-- PROBLEM REQUIREMENTS --
An exact copy of every entry is required, minus the pictures.

Extracted data entries
═══

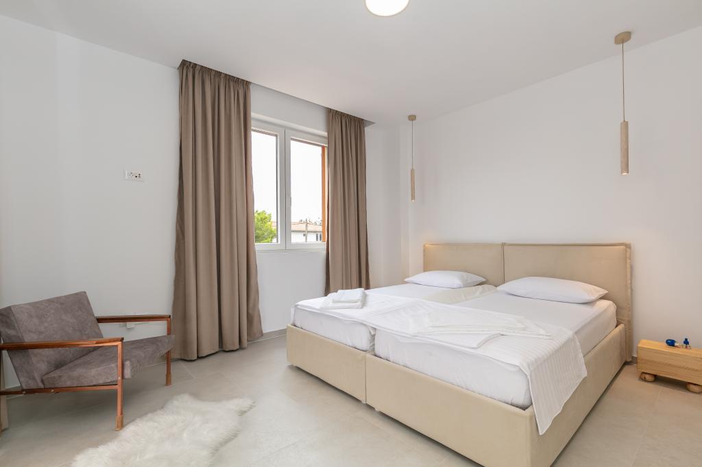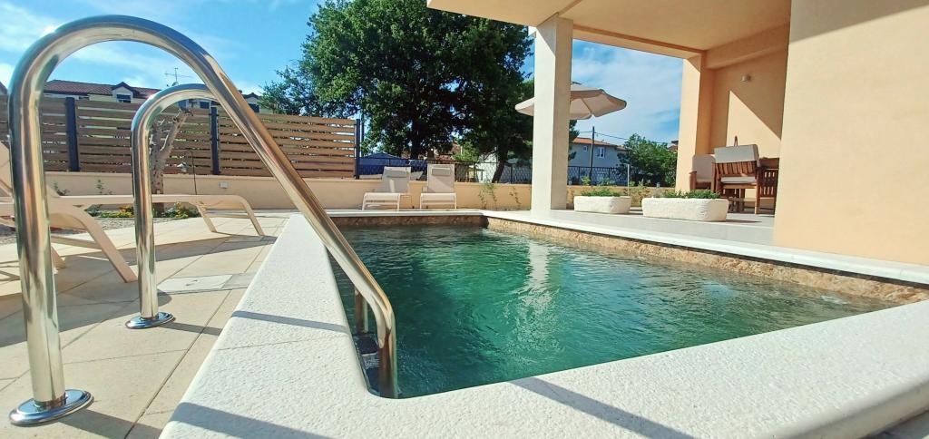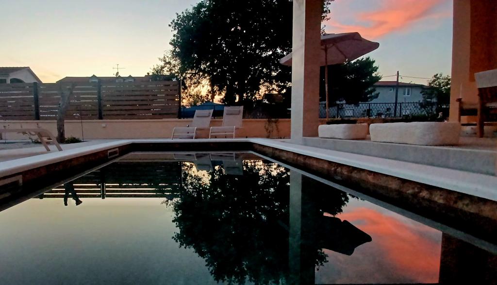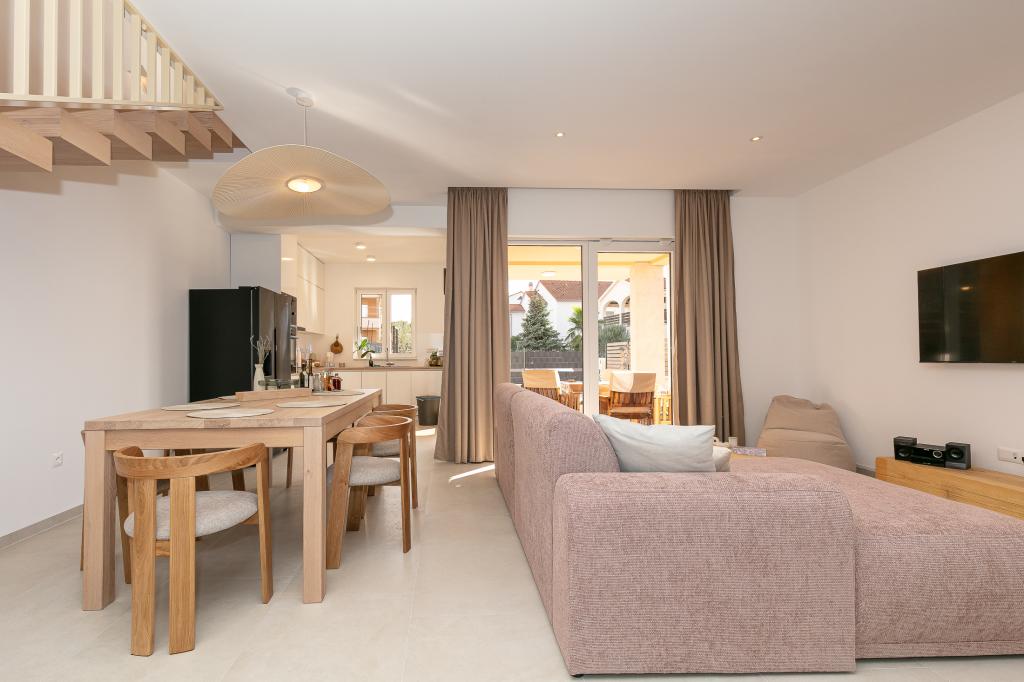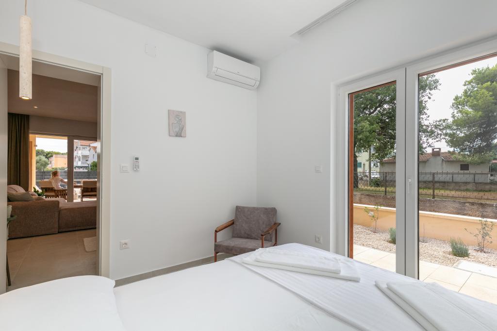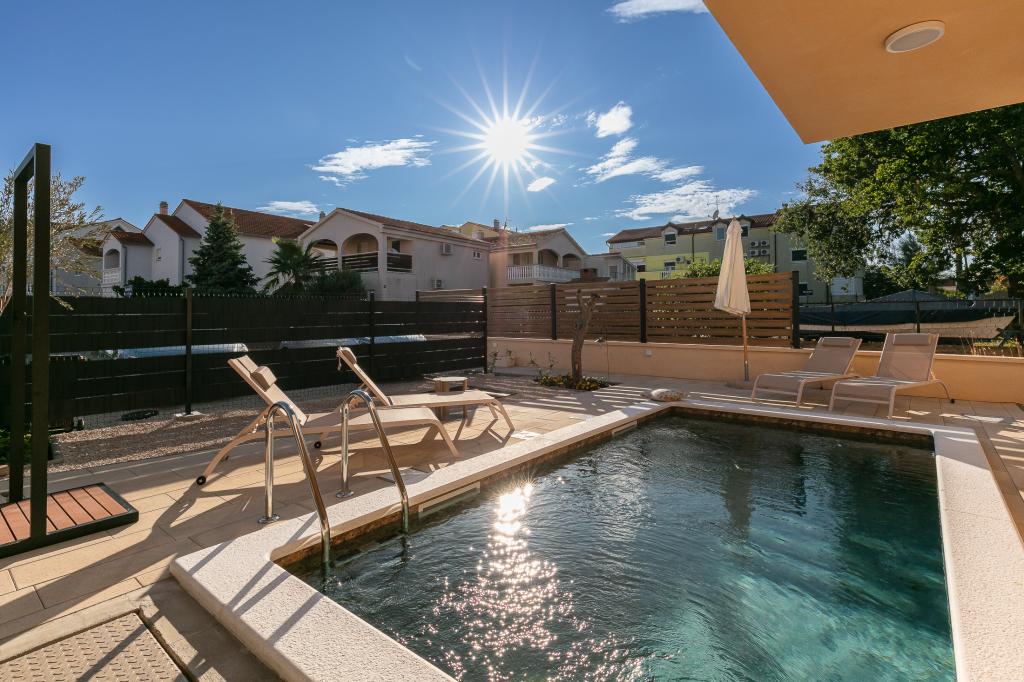 Située dans un quartier calme de Biograd na Moru, cette charmante villa moderne avec piscine est idéale pour des vacances reposantes. Son intérieur élégamment décoré offre tout le confort nécessaire, tandis que son vaste jardin avec piscine privée et solarium vous garantit de profiter pleinement du soleil méditerranéen. Profitez de l'alliance du confort, du style et de la proximité de la mer dans cette magnifique villa. Si vous recherchez un havre de paix, de détente et de confort pour vos vacances, cette maison est faite pour vous.
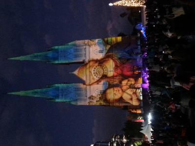 Am Abend haben wir dann Knödel mit Soße und ein Hähnchen gegessen. Nach dem hervorragendem essen sind wir dann Abend zu der nahegelegenden Kirche gegangen und haben dort das Lichterspielund Live Musik angehört.
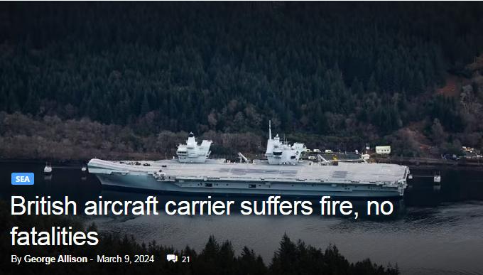 報道稱,“伊麗(li) 莎白女王”號航母原計劃前往蘇格蘭(lan) 羅賽斯“對其右舷螺旋槳軸聯軸器”進行維修,發生火災時停靠在格倫(lun) 馬蘭(lan) 。
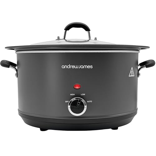 Andrew James 6.5L Slow Cooker – Sear-to-Simmer - Large Hob-Proof Aluminium Pot, Shatter-Resistant & Easy-Clean Design 3 Heat Settings & Glass Lid, Ideal for Family Meals, Curries & Batch Cooking
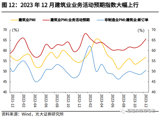 12月建筑业商务活动指数环比上行1.9个百分点至56.9%,连续2个月环比上升,创出自2023年6月以来的新高,部分企业在春节假期前加快施工进度,建筑业景气水平有所回升。分行业看,房屋建筑业和土木工程建筑业商务活动指数和新订单指数环比均有所上升,基础建设投资继续发力。从需求看,12月建筑业新订单指数环比上升2个百分点至50.6%;从市场预期看,建筑业业务活动预期指数环比上行3.1个百分点至65.7%,建筑业企业对市场发展信心较强。
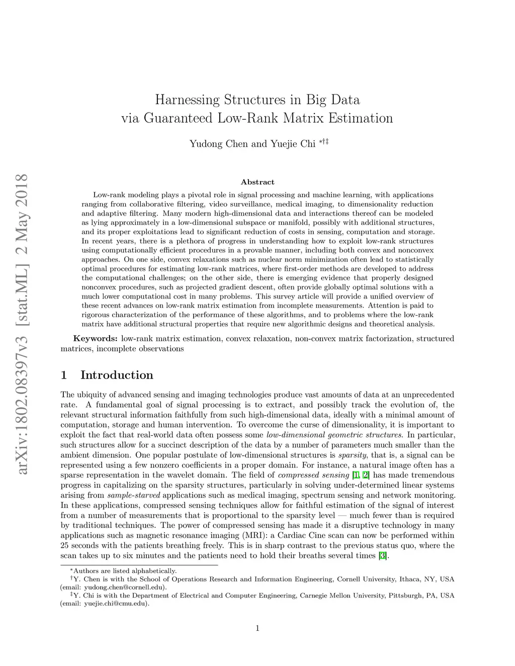 Harnessing Structures in Big Data via Guaranteed Low-Rank Matrix
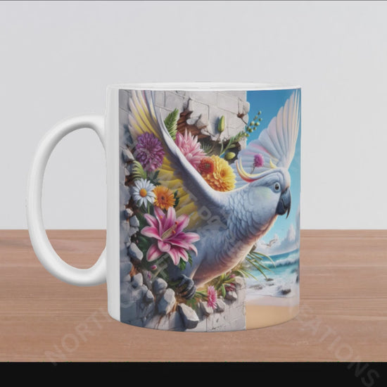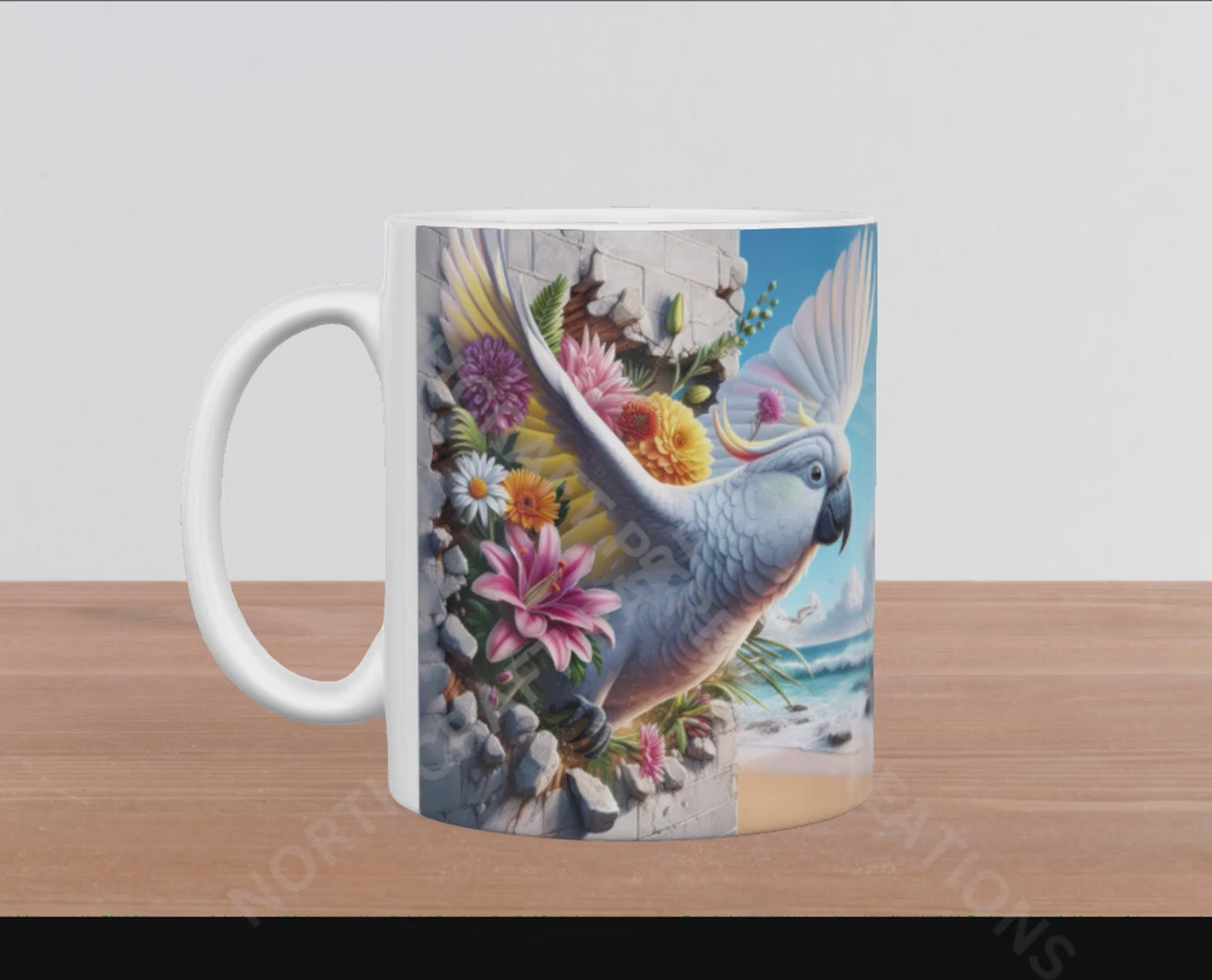 Cockatoo Hole in Wall with Beach and Flowers 15oz Ceramic Mug
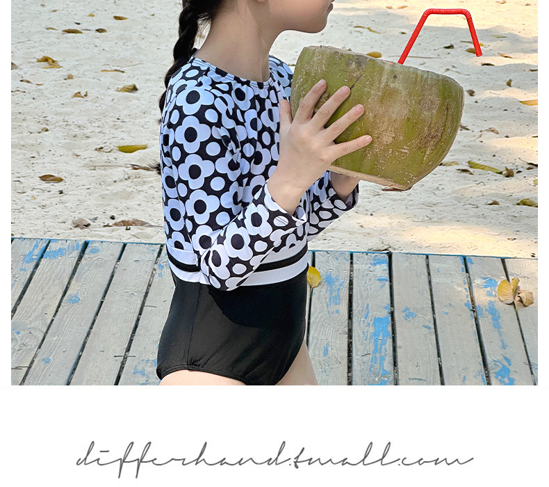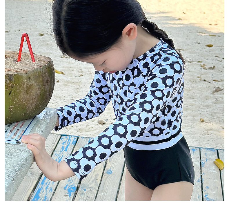 신형 여아 수영복 한국 아동용 긴팔 자외선 차단 속건 원피스 수영복 중소형 여아 패션 수영복스토어 가기
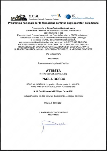 L’attività ospedaliera presso l’Ospedale Melloni ha portato la Dottoressa Bosco ad acquisire diverse competenze in ambito ginecologico: chirurgia ostetrico-ginecologica tradizionale ed endoscopica, gravidanza extrauterina e Ecografie ginecologiche di I e II livello (certificazione IOTA 2016).
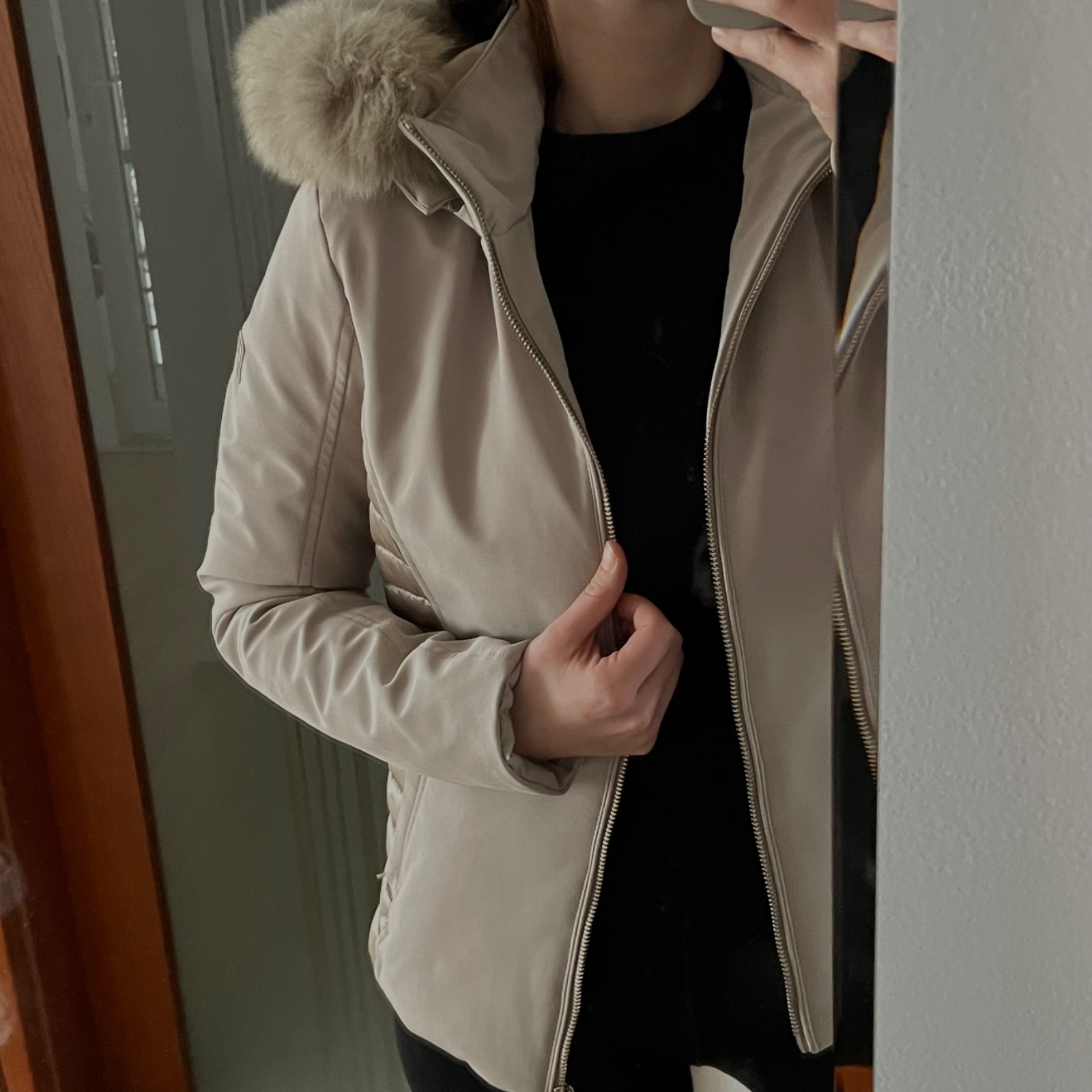 Bunda má pravú kožušinu na kapucni – bohatú, hustú, odnímateľnú.
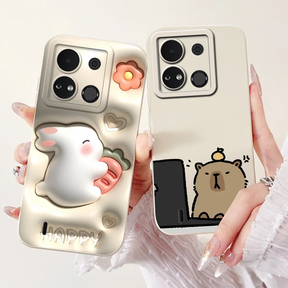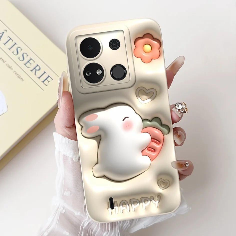 Para ITEL A04 funda bonita de dibujos animados conejo líquido silicona suave TPU goma cubierta a prueba de golpes para Itel A04 2023 A 04 funda de teléfono ItelA04
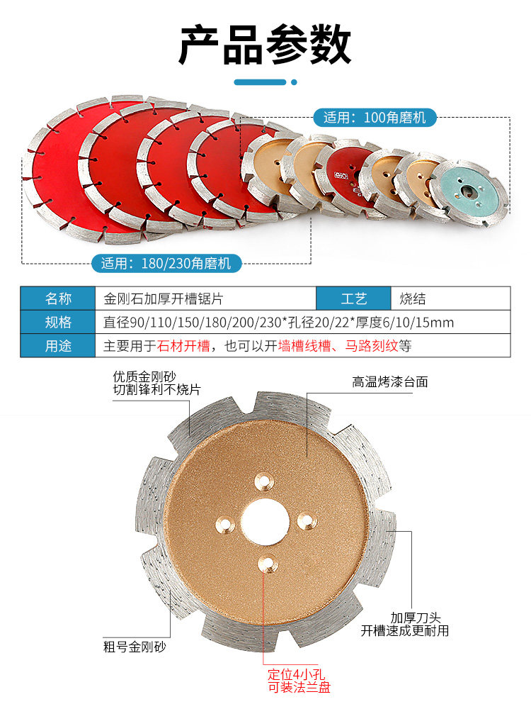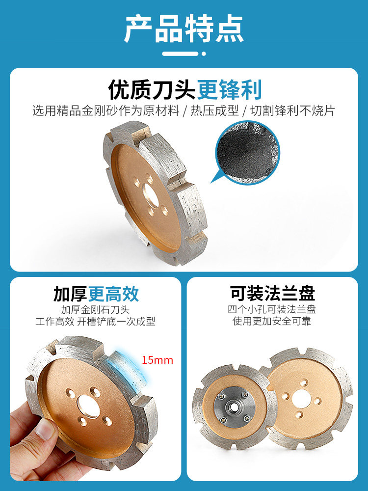 金刚石加厚锯片雕刻铲片石材墙槽混凝土开槽切割清底90打磨头工具
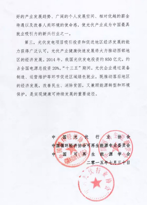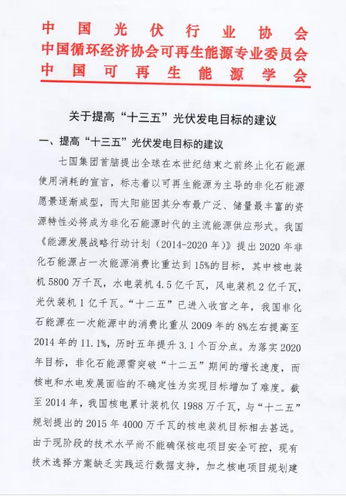 [摘要]作為中國最具影響力的三大光伏行業協會:中國光伏行業協會、中國循環經濟協會可再生能源專業委員會、中國可再生能源學會聯名提交有關促進光伏行業發展的三大政策文件。
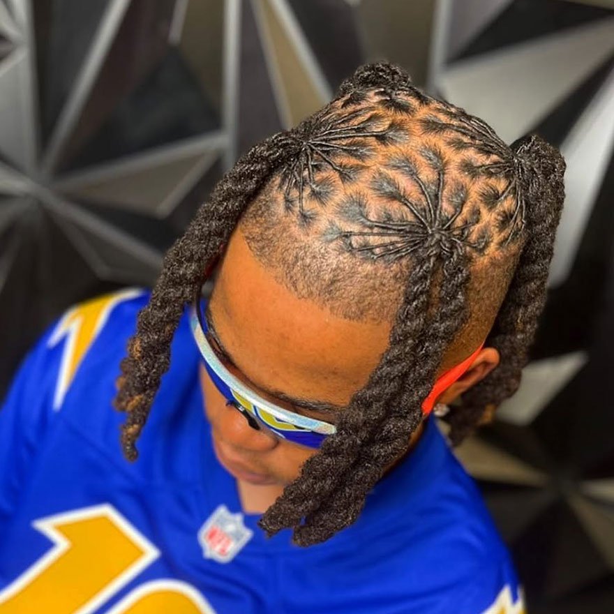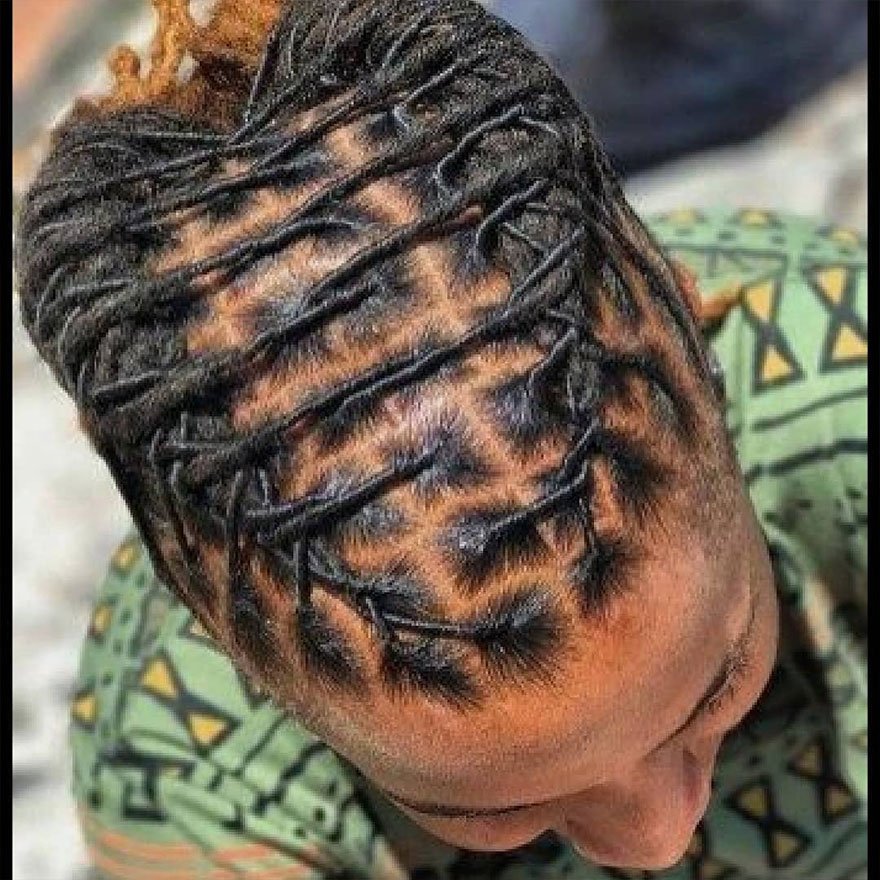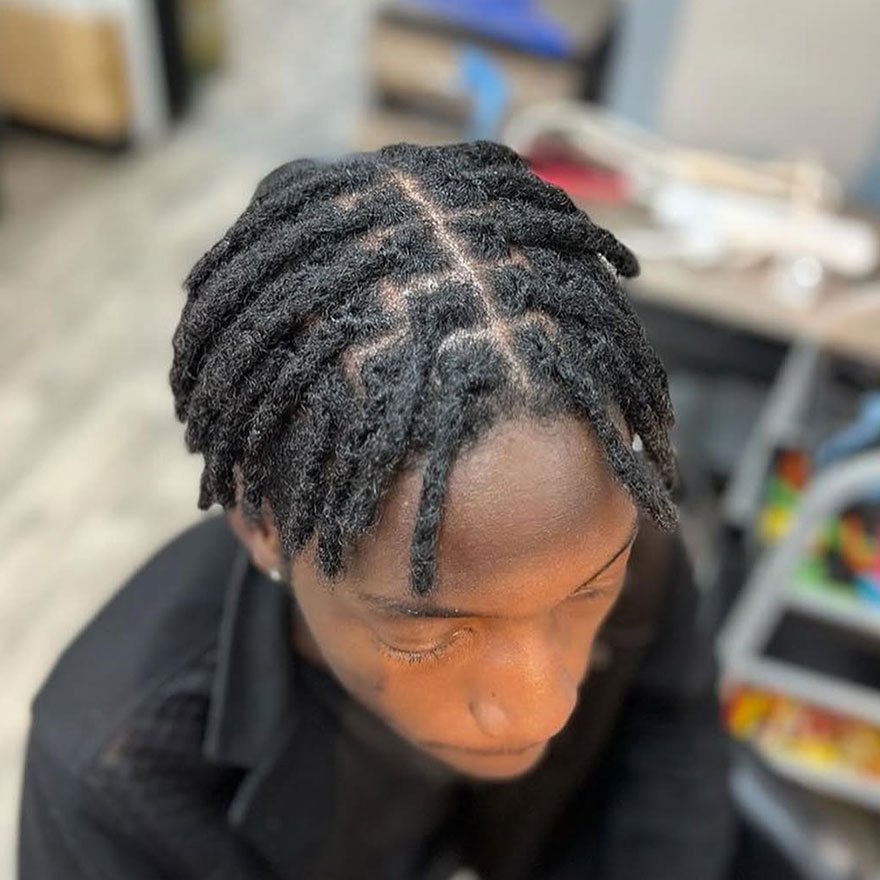 The spider-web retwist is a creative hairstyle featuring an intricate crown-pattern design. It’s bold, expressive, and perfect for men who love detailed artistry in their loc maintenance.

═══

-- WRITTEN SOLUTION --
 Située dans un quartier calme de Biograd na Moru, cette charmante villa moderne avec piscine est idéale pour des vacances reposantes. Son intérieur élégamment décoré offre tout le confort nécessaire, tandis que son vaste jardin avec piscine privée et solarium vous garantit de profiter pleinement du soleil méditerranéen. Profitez de l'alliance du confort, du style et de la proximité de la mer dans cette magnifique villa. Si vous recherchez un havre de paix, de détente et de confort pour vos vacances, cette maison est faite pour vous.
 Am Abend haben wir dann Knödel mit Soße und ein Hähnchen gegessen. Nach dem hervorragendem essen sind wir dann Abend zu der nahegelegenden Kirche gegangen und haben dort das Lichterspielund Live Musik angehört.
 報道稱,“伊麗(li) 莎白女王”號航母原計劃前往蘇格蘭(lan) 羅賽斯“對其右舷螺旋槳軸聯軸器”進行維修,發生火災時停靠在格倫(lun) 馬蘭(lan) 。
 Andrew James 6.5L Slow Cooker – Sear-to-Simmer - Large Hob-Proof Aluminium Pot, Shatter-Resistant & Easy-Clean Design 3 Heat Settings & Glass Lid, Ideal for Family Meals, Curries & Batch Cooking
 12月建筑业商务活动指数环比上行1.9个百分点至56.9%,连续2个月环比上升,创出自2023年6月以来的新高,部分企业在春节假期前加快施工进度,建筑业景气水平有所回升。分行业看,房屋建筑业和土木工程建筑业商务活动指数和新订单指数环比均有所上升,基础建设投资继续发力。从需求看,12月建筑业新订单指数环比上升2个百分点至50.6%;从市场预期看,建筑业业务活动预期指数环比上行3.1个百分点至65.7%,建筑业企业对市场发展信心较强。
 Harnessing Structures in Big Data via Guaranteed Low-Rank Matrix
 Cockatoo Hole in Wall with Beach and Flowers 15oz Ceramic Mug
 신형 여아 수영복 한국 아동용 긴팔 자외선 차단 속건 원피스 수영복 중소형 여아 패션 수영복스토어 가기
 L’attività ospedaliera presso l’Ospedale Melloni ha portato la Dottoressa Bosco ad acquisire diverse competenze in ambito ginecologico: chirurgia ostetrico-ginecologica tradizionale ed endoscopica, gravidanza extrauterina e Ecografie ginecologiche di I e II livello (certificazione IOTA 2016).
 Bunda má pravú kožušinu na kapucni – bohatú, hustú, odnímateľnú.
 Para ITEL A04 funda bonita de dibujos animados conejo líquido silicona suave TPU goma cubierta a prueba de golpes para Itel A04 2023 A 04 funda de teléfono ItelA04
 金刚石加厚锯片雕刻铲片石材墙槽混凝土开槽切割清底90打磨头工具
 [摘要]作為中國最具影響力的三大光伏行業協會:中國光伏行業協會、中國循環經濟協會可再生能源專業委員會、中國可再生能源學會聯名提交有關促進光伏行業發展的三大政策文件。
 The spider-web retwist is a creative hairstyle featuring an intricate crown-pattern design. It’s bold, expressive, and perfect for men who love detailed artistry in their loc maintenance.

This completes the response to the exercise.